World Clean-up Day, which is marked every year in September, is to create awareness of the invaluable impact of a clean planet to human life.
It is usually marked by over 11 million people in over 180 countries across the globe.
The theme for this year is “people for a clean environment” which is inspired by “Let’s Do It World”.
70 percent of the world’s oxygen is produced in the ocean, but 8 million tons of plastics end up in water bodies each year. This is causing drastic climate change to the planet.
The country representative of ‘Let’s do it World’ in Ghana, Kate Opoku, in a phone interview said “despite the need for government to ban single use plastics, it’s time to revisit the past where beverage production companies use bottles instead of plastic”.
She said the clean-up exercise won’t solve the pollution immediately when peoples’ attitude towards the environment doesn’t change.

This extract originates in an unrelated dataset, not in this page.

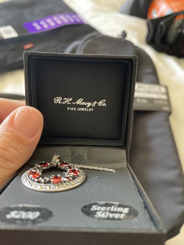 Garnet (2-3/8 ct. t.w.) & Marcasite Pendant on 18" Chain in Sterling Silver
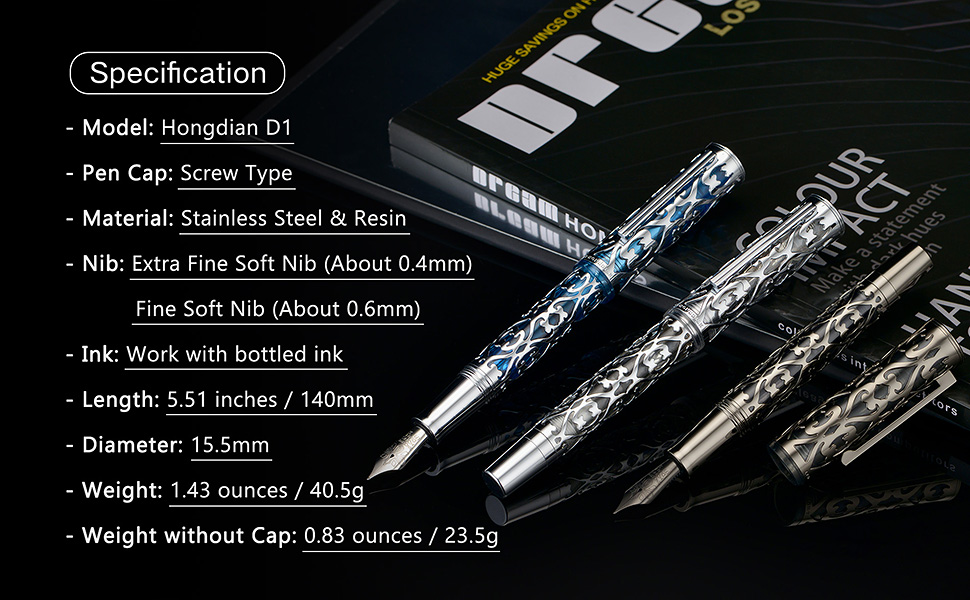 Авторучки скелетоны стали для Hongdian визитной карточкой. Эти ажурные конструкции отличаются красивым цветочно-животным орнаментом и ставшей привычной для всей продукции Hongdian поршневой системой заправки — piston filling.

Gregory reiterated that, “a clean environment is good for the economy, good for human health and good for the planet which sustains us. I joined world cleanup day today because wherever I am in the world, like many Australians and Ghanaians, I like to volunteer for a cleaner environment” he said.
According to him, the government has some good policies in place like “making Accra the cleanest city in Africa” among others.
“My wife Rachael and I also like to make a personal contribution as members of the local community”.
The commissioner and his team spent close to three hours collecting rubbish to make Laboma Beach more beautiful.
The clean-up was done in five different locations in Accra and in other coastal towns across the country.